Poiché la scoperta è stata così sorprendente, il team ha condotto una serie di esperimenti per assicurarsi che il lattato stesse effettivamente entrando nei mitocondri. Gli esperimenti non solo hanno confermato che il lattato può essere trasportato nei mitocondri, ma hanno anche dimostrato che un enzima all'interno dei mitocondri metabolizza il lattato per produrre energia e blocchi cellulari.

Avere la tua torta e mangiarla anche tu

Allora perché sprecare sforzi per convertire il glucosio in lattato se verrà comunque trasportato nei mitocondri?

Quando le cellule metabolizzano il glucosio nel citoplasma, producono elettroni. Devono mettere gli elettroni da qualche parte, o le reazioni metaboliche strettamente regolate si fermano. Le cellule sane spostano gli elettroni nei mitocondri, ma le cellule cancerose producono gli elettroni più velocemente di quanto il trasporto possa tenere il passo. Questo costringe le cellule tumorali ad attaccare gli elettroni sul lattato ed espellerlo, o almeno così si pensava.


Riferimenti

DeRisi JL, Iyer VR, Brown PO: Esplorare il controllo metabolico e genetico dell'espressione genica su scala genomica. Scienza. 1997, 278: 680-686. 10.1126/science.278.5338.680.

Herrgard MJ, Lee BS, Portnoy V, Palsson BO: l'analisi integrata delle reti regolatorie e metaboliche rivela nuovi meccanismi regolatori in Saccharomyces cerevisiae. Genoma Ris. 2006, 16: 627-635. 10.1101/gr.4083206.

Moxley JF, Jewett MC, Antoniewicz MR, Villas-Boas SG, Alper H, Wheeler RT, Tong L, Hinnebusch AG, Ideker T, Nielsen J, Stephanopoulos G: Collegamento di fenotipi di flusso metabolico ad alta risoluzione e regolazione trascrizionale nel lievito modulato dal regolatore globale Gcn4p. Proc Natl Acad Sci USA. 2009, 106: 6477-6482. 10.1073/pnas.0811091106.

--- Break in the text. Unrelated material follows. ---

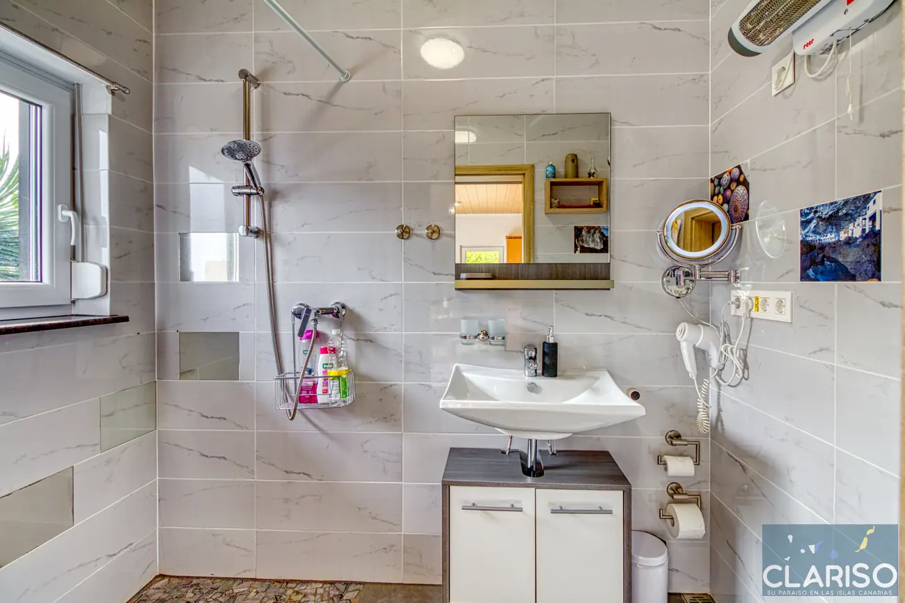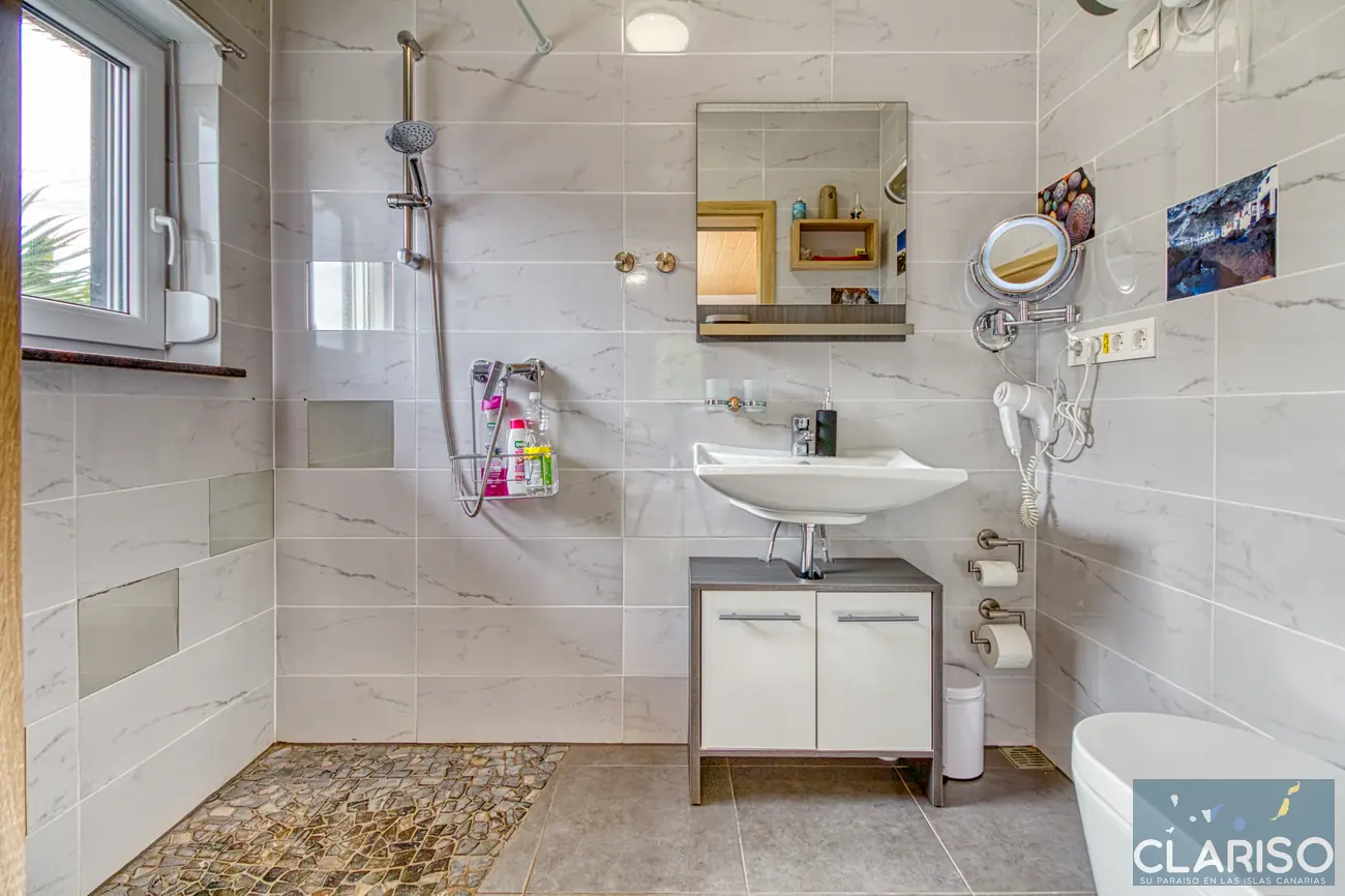 La salle de bain moderne est lumineuse et confortable, avec douche à l’italienne, lavabo, WC, miroir cosmétique et sèche-cheveux.

Bradley PH, Brauer MJ, Rabinowitz JD, Troyanskaya OG: Cambiamenti coordinati di concentrazione di trascritti e metaboliti in Saccharomyces cerevisiae. PLoS Comput Biol. 2009, 5: e1000270-10.1371/journal.pcbi.1000270.

Monod J: La tecnica della cultura continua, teoria e applicazioni. Annls Inst Pasteur. 1950, 79: 390-410.

Gutteridge A, Pir P, Castrillo JI, Charles PD, Lilley KS, Oliver SG: Controllo dei nutrienti della crescita delle cellule degli eucarioti: uno studio di biologia dei sistemi nel lievito. BMC Biol. 2010, 8: 68-

Castrillo JI, Zeef LA, Hoyle DC, Zhang N, Hayes A, Gardner DC, Cornell MJ, Petty J, Hakes L, Wardleworth L, Rash B, Brown M, Dunn WB, Broadhurst D, O'Donoghue K, Hester SS, Dunkley TP, Hart SR, Swainston N, Li P, Gaskell SJ, Paton NW, Lilley KS, Kell DB, Oliver SG: Controllo della crescita della cellula eucariotica: uno studio di biologia dei sistemi nel lievito. J Biol. 2007, 6: 4-10.1186/jbiol54.

Boer VM, Crutchfield CA, Bradley PH, Botstein D, Rabinowitz JD: metaboliti intracellulari che limitano la crescita nel lievito che cresce sotto diverse limitazioni di nutrienti. Cella Mol Biol. 2010, 21: 198-211. 10.1091/mbc.E09-07-0597.

Kacser H, Burns JA: Le basi molecolari del dominio. Genetica. 1981, 97: 639-666.


Guarda il video: Le Colture Cellulari (Agosto 2022).